Supplied material:

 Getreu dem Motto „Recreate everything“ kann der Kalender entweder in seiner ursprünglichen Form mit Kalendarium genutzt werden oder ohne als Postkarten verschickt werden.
* * *
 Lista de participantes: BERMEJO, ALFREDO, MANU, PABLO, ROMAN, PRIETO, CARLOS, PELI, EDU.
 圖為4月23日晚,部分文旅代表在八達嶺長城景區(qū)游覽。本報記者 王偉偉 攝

Instructions for the task:
An exact, complete copy of the lines above from the one with "CARLOS, PELI, EDU." through the one with "圖為4月23日晚,部分文旅代表在八達嶺長城景區(qū)游覽。本報記者 王偉偉 攝" is the whole answer.

Solution to this task:
 Lista de participantes: BERMEJO, ALFREDO, MANU, PABLO, ROMAN, PRIETO, CARLOS, PELI, EDU.
 圖為4月23日晚,部分文旅代表在八達嶺長城景區(qū)游覽。本報記者 王偉偉 攝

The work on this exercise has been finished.